# DATA TO USE:
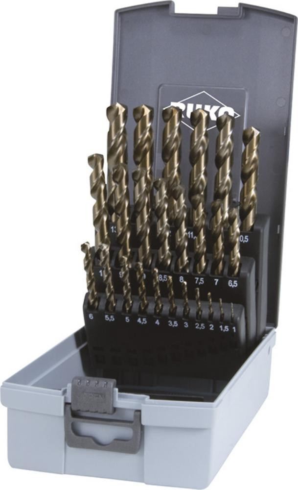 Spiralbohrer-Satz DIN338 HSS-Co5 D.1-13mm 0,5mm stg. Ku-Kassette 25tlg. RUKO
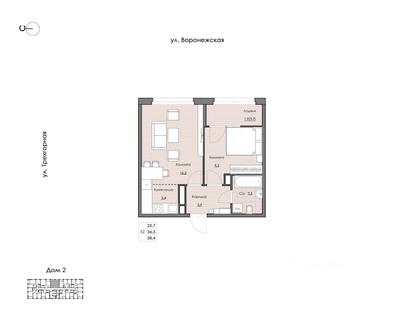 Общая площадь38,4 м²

...

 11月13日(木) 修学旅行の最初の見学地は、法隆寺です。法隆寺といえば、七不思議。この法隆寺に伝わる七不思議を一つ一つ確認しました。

# TASK INSTRUCTIONS:
Using the data above, print only the lines starting at the one with "Spiralbohrer-Satz DIN338 HSS-Co5" and ending at the one with "Общая площадь38,4 м²", exactly as they stand, minus the pictures.

# TASK OUTPUT:
 Spiralbohrer-Satz DIN338 HSS-Co5 D.1-13mm 0,5mm stg. Ku-Kassette 25tlg. RUKO
 Общая площадь38,4 м²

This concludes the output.